New York, June 13, 2026, 14:05 EDT. FINRA fined Merrill Lynch $225,000 after the firm failed to properly report more than 1,600 customer complaints.
- Merrill Lynch, Pierce, Fenner & Smith Inc. was censured by FINRA and hit with a $225,000 fine. The regulator said the firm failed to report some complaints linked to post-call survey comments.
- FINRA said Merrill got over 220,000 written survey responses in a 2023 sample, logged 2,423 complaints, and did not report more than 1,600 complaints.
- FINRA gave Merrill credit for flagging the problem itself, doing a lookback in 2023, fixing the problems it found, and telling the regulator about the complaints.
Merrill Lynch will pay a $225,000 fine and take a censure, according to the Financial Industry Regulatory Authority, after FINRA said the firm did not correctly track or report customer complaints made in call-center surveys. The settlement, under case No. 2024081776401, covers the period from January 2018 to December 2023, with FINRA posting the action as of June 11.
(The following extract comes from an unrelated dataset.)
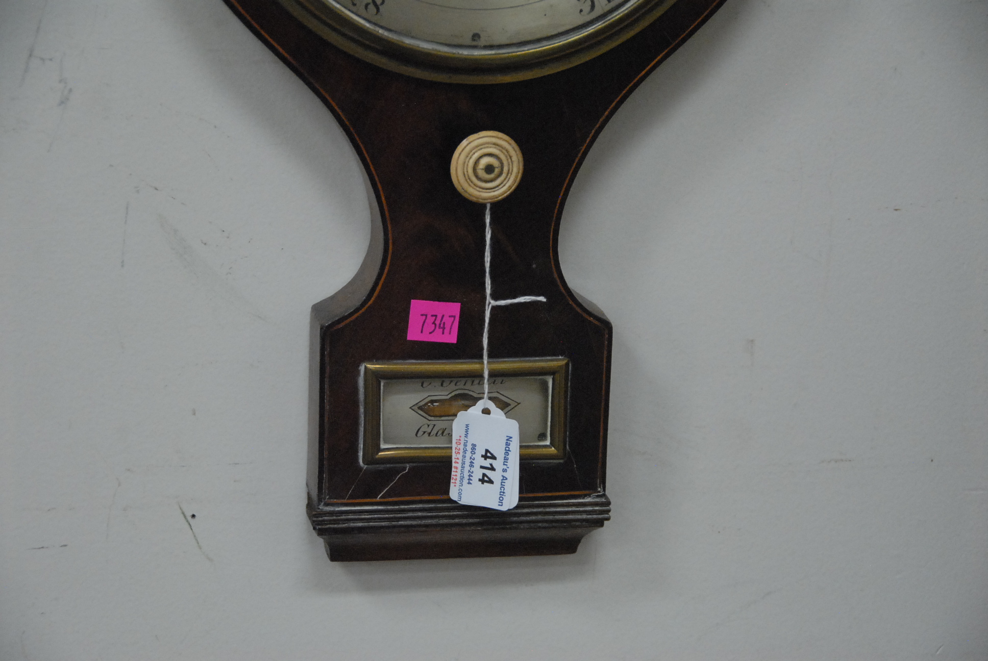 Lot 414: Mahogany barometer, C. Gerletti Glasgow. ht. 39 in. wd. 10 in. Provenance: Property from The Estate of W. Scott Van Alstyne of Essex, Connecticut.

Merrill asked support center callers to fill out post-call surveys with written feedback, according to FINRA, but then did not properly review that feedback for reportable complaints. FINRA said the firm missed its requirement to report complaints every quarter under Rule 4530(d), and also broke rules on supervision and conduct standards.
Merrill got over 220,000 written comments in its 2023 survey responses, the biggest sample in the settlement. The firm reported 2,423 customer complaints from those surveys and sent them to regulators on time. But FINRA said Merrill left out more than 1,600 written complaints from the same group of responses. Most missing complaints were about service problems. Some covered access to money, account info, documentation, technology issues and security lapses.
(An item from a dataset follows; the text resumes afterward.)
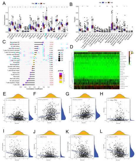 Expression of immune checkpoint molecules and the relationship between risk scores and immune cell infiltration in two different risk groups. (A) The distribution of immune checkpoints was significantly different between the high- and low-risk groups as determined by Wilcoxon test. (B) Differential analyses of the proportion of immune cell infiltration. Lollipop chart (C) and heatmap (D) showing correlation between risk scores and immune cell infiltration by Spearman rank correlation test. (E–L) Estimation of risk score coefficients for 8 types of immune cells using Spearman rank correlation test. * p < 0.05, ** p < 0.01, *** p < 0.001.

FINRA linked the failure back to Merrill’s oversight process. The firm had a lexicon of search terms to catch survey responses, but FINRA said it was made for consumer banking, not Merrill’s usual broker-dealer review. According to the settlement, over 85% of unreported customer complaints from 2023 survey responses did not get flagged as potential complaints.
FINRA relies on customer-complaint data to help spot and open probes into firms, individual reps and others who could threaten investors. Under FINRA Rule 4530(d), member firms have to file summary stats about written customer complaints by the 15th day after the end of the quarter when the firm got the complaint.
Merrill agreed to settle but did not admit or deny FINRA’s findings. The case started after Merrill self-disclosed in April 2024, according to FINRA. The regulator noted Merrill itself found the problem, reviewed 2023 survey responses from the past year, fixed the complaints it found and told FINRA about those. Merrill shut down the written-commentary field in its customer surveys back in January 2024.
Merrill Lynch, Pierce, Fenner & Smith, which FINRA lists as being based in New York, has over 27,500 registered reps and runs more than 4,000 branches, according to details in the settlement. Merrill calls itself a registered broker-dealer and investment adviser in its disclosures, and is fully owned by Bank of America Corp.